Data segment
★ ★ ★ ★ ★ ★ ★

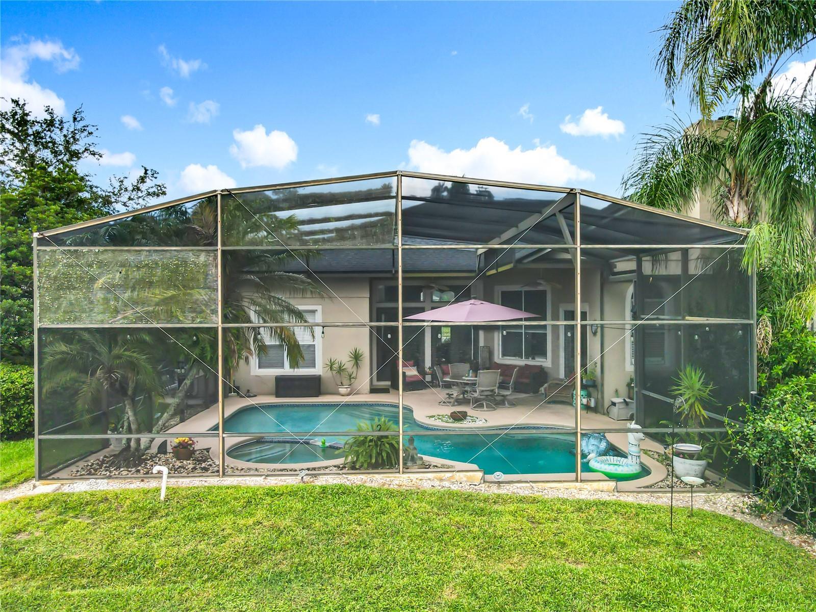 Welcome to Calabay Cove, nestled in the heart of Hunters Creek. As you pass by the serene water fountains of Lake Calabay and drive through the gates, you'll immediately know you've made the right choice. This stunning Engle Award-winning home warmly welcomes you. This exquisite lakefront property has been professionally landscaped, featuring beautiful walkways that overlook the fountain and waterfront vistas of the lake. Situated on an oversized waterfront lot, the home offers breathtaking views from the family room, kitchen, living room, and primary suite. The expansive outdoor patios are perfect for entertaining, and the large pool with spa includes additional water features that overlook Lake Calabay. Adjacent to the patio pool area is a professionally installed fenced-in play area for pets and children. As you step through the grand double doors, you'll enter a spacious foyer. Take a moment to admire the high ceilings, formal office, dining room, and living room. The living room's multiple French doors offer a stunning view of the lake, creating a wall of glass that is simply gorgeous. From here, you can also see the large pool with spa and the expansive patios that wrap around the back of the home and yard. The dynamic landscape and gorgeous lake views, complete with water features and lights, are truly captivating. This waterfront property is located in a pristine gated community. Additional features of this home include a huge kitchen with a large breakfast bar, granite backsplash and counters, and 42” cabinetry. The family room boasts a wood-burning fireplace, and there is a large indoor laundry room. The primary suite, located on the first floor, features spacious walk-in closets and a large primary bathroom. The suite also overlooks the water, patios, and sparkling pool. With 5 bedrooms, 4 ½ baths, a private office, bonus room, and an oversized 3-car garage, this home on the water won't last long. Shopping, malls, movie theaters, major airports, theme parks, and major highways are all nearby. By the way, this home also comes with a 1 year Home Warranty too! So, what are you waiting for? It's always 5 o'clock on your beautiful patio. Don't forget your canoe or paddleboard! Please give us a call today for your personal viewing. Thank you!
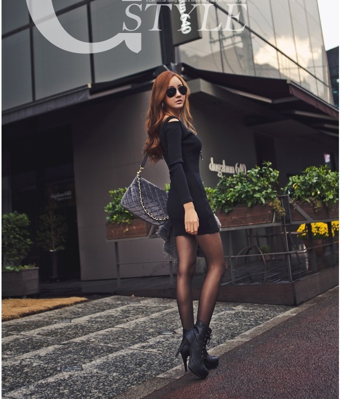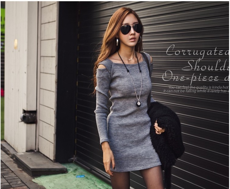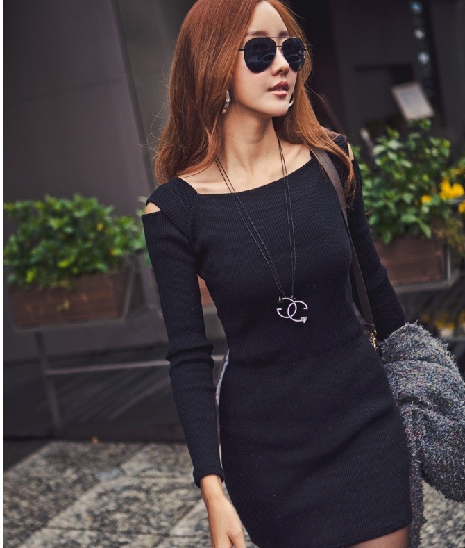 大人の女性におすすめの肩だしニットワンピースです。
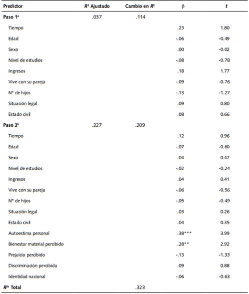 En el segundo paso, se incluyeron en el modelo además de las sociodemográficas, las variables psicosociales independientes. La varianza explicada por estas, casi dobla la varianza explicada por las variables sociodemográficas. Dos variables psicosociales emergieron como predictoras positivas de la satisfacción vital: la autoestima personal y el bienestar material percibido. Dicho resultado es congruente con el segundo supuesto de la hipótesis 1 y referido a la prueba de regresión. La identidad nacional colombiana, el prejuicio grupal percibido y la discriminación personal percibida, en cambio, no mostraron tener impacto sobre la satisfacción vital. Al igual que en el paso 1, no hubo variables sociodemográficas que pudiesen predecir la satisfacción vital.

★ ★ ★ ★ ★ ★ ★

Task
Copy out every line of the material above exactly, skipping the pictures.

Answer space
 Welcome to Calabay Cove, nestled in the heart of Hunters Creek. As you pass by the serene water fountains of Lake Calabay and drive through the gates, you'll immediately know you've made the right choice. This stunning Engle Award-winning home warmly welcomes you. This exquisite lakefront property has been professionally landscaped, featuring beautiful walkways that overlook the fountain and waterfront vistas of the lake. Situated on an oversized waterfront lot, the home offers breathtaking views from the family room, kitchen, living room, and primary suite. The expansive outdoor patios are perfect for entertaining, and the large pool with spa includes additional water features that overlook Lake Calabay. Adjacent to the patio pool area is a professionally installed fenced-in play area for pets and children. As you step through the grand double doors, you'll enter a spacious foyer. Take a moment to admire the high ceilings, formal office, dining room, and living room. The living room's multiple French doors offer a stunning view of the lake, creating a wall of glass that is simply gorgeous. From here, you can also see the large pool with spa and the expansive patios that wrap around the back of the home and yard. The dynamic landscape and gorgeous lake views, complete with water features and lights, are truly captivating. This waterfront property is located in a pristine gated community. Additional features of this home include a huge kitchen with a large breakfast bar, granite backsplash and counters, and 42” cabinetry. The family room boasts a wood-burning fireplace, and there is a large indoor laundry room. The primary suite, located on the first floor, features spacious walk-in closets and a large primary bathroom. The suite also overlooks the water, patios, and sparkling pool. With 5 bedrooms, 4 ½ baths, a private office, bonus room, and an oversized 3-car garage, this home on the water won't last long. Shopping, malls, movie theaters, major airports, theme parks, and major highways are all nearby. By the way, this home also comes with a 1 year Home Warranty too! So, what are you waiting for? It's always 5 o'clock on your beautiful patio. Don't forget your canoe or paddleboard! Please give us a call today for your personal viewing. Thank you!
 大人の女性におすすめの肩だしニットワンピースです。
 En el segundo paso, se incluyeron en el modelo además de las sociodemográficas, las variables psicosociales independientes. La varianza explicada por estas, casi dobla la varianza explicada por las variables sociodemográficas. Dos variables psicosociales emergieron como predictoras positivas de la satisfacción vital: la autoestima personal y el bienestar material percibido. Dicho resultado es congruente con el segundo supuesto de la hipótesis 1 y referido a la prueba de regresión. La identidad nacional colombiana, el prejuicio grupal percibido y la discriminación personal percibida, en cambio, no mostraron tener impacto sobre la satisfacción vital. Al igual que en el paso 1, no hubo variables sociodemográficas que pudiesen predecir la satisfacción vital.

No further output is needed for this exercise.